The Federation finally dealt the Serpentis in Placid a blow and hopefully made a dent in the drug trade. Nice, too, to see the Feds working with local groups like the Placid Militia and actually acknowledging them for trying to do what the Federation honestly should have been doing all along.

The article calls Rise “a scourge on the region of Placid” and I can’t agree more. Even being Reborn myself, I honestly don’t understand why so many Intaki are attracted to it. Despite its supposed “assistance” with memory recall, it has such dangerous risks, and even if it didn’t… It cheapens the whole tradition of being Reborn, spits on those who spend years training the mental disciplines our ancestors used to pull true memories. Anyone who uses Rise simply wants an easy time of it, can’t be bothered to do the work themselves and wants to skip ahead. It’s cheating!

No one can guarantee anything that is “remembered” with Rise is even accurate anyway. Other drugs pull hallucinations out of nothing, create wild trips of the imagination that are worse than nightmares yet also send the user to the most stimulating high or the most devastating low. It’s still all a product of the drug. Why then should Rise’s effects be any different? No one will ever convince me the Serpentis have any desire to do Intaki Reborn any favors. They care about lining their pockets, nothing more. Besides, if it was such a boon to the Reborn, it wouldn’t be illegal.

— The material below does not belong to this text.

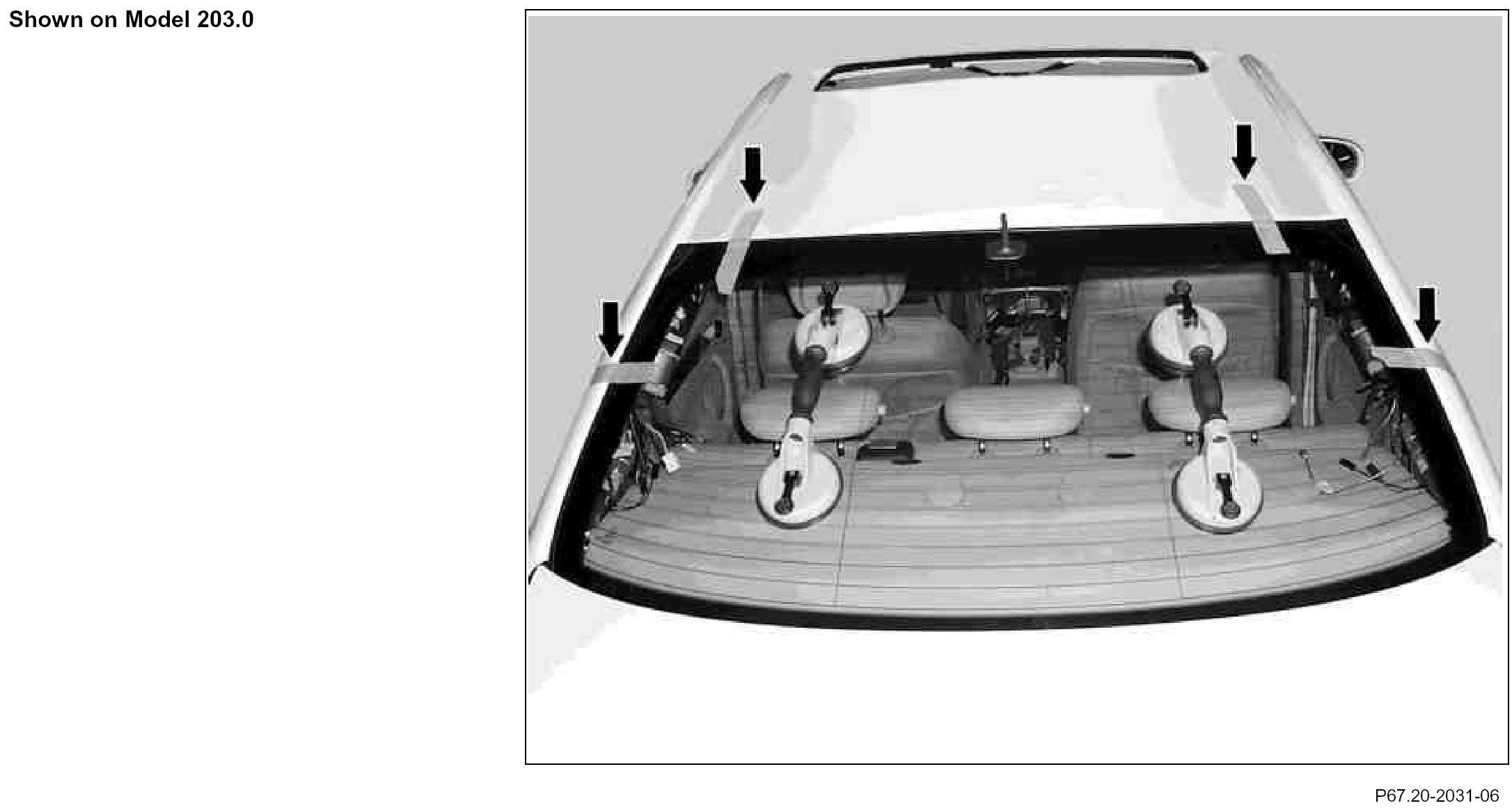 5.1. On model 203.0, 207.3, 209.3, 211.0, 212.0/1 and 230.4, cut adhesive strips (arrows) at outer edges of rear window.

After the Serpentis attacked the passenger liner, I had amnesia. I knew who I was but the event itself and the days immediately following it were blocked. I had difficulty recalling my childhood. I knew my family but sometimes their names escaped me. All of my Reborn memories were gone too, and remain hidden from me even today.

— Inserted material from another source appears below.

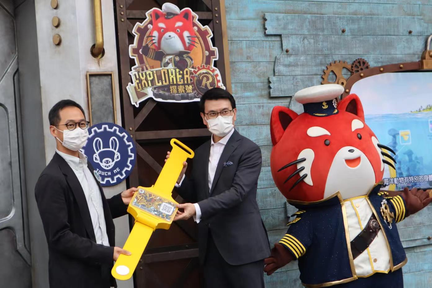 海洋公園全新科技互動體驗館「探索號R」,連同一系列融合保育與教育元素的精彩活動今日(29日)正式於威威天地及公園各個指定地點登場。商務及經濟發展局局長邱騰華、商務及經濟發展局常任秘書長(工商及旅遊)利敏貞、旅遊事務專員沈鳳君以及海洋公園副主席龐建貽、海洋公園行政總裁黃智祖和海洋公園總經理陳善瑜等人出席揭幕儀式。

At the time it never occurred to me but thinking about it now I wonder… My amnesia abated quickly, a month or so at most. I still had a great deal of physical rehabilitation to undergo, not to mention psychological therapy… I’m in no way an expert about that kind of trauma, but surely that’s unusual? What if they used a little Rise to “help” things along? How could I ever trust my own recollections if that were true?

The idea makes me sick, actually, and now I wish I hadn’t thought of it. The hospital is reputable though, and I can’t honestly believe the doctors would risk their medical licenses using an illegal drug in patient care. If anything, the mental disciplines I learned as a child are what helped me through it all. That I know some memories are still blocked reassures me I haven’t been exposed to Rise.

In any case, I hope the Federation continues down this path and wipes Placid clean of all its scourges, and further encourages locals to contribute like they have today. Having lost such assets, the Serpentis should start to think twice about their activities there.


Immortal

I have never felt this tired in my life. I’m not even sure what time it is…just very late.

The entire day was spent at the intake office, and most of that in the medical wing, a very cold and sterile place. It reminded me of the hospital and my throat started to ache with memory.

They weighed me, tested my blood, scanned my brain, took tissue samples. I ran for what felt like hours on a treadmill, with tons of leads and wires strung from my body, feeding data to their equipment. They put me in a centrifuge to test my resilience against g-forces—at one point I was sure I would black out, but managed not to. That part was almost fun, actually! Like being on rides at the amusement park with Father as a child, only much more intense.

I think now they must know more about my body than I do!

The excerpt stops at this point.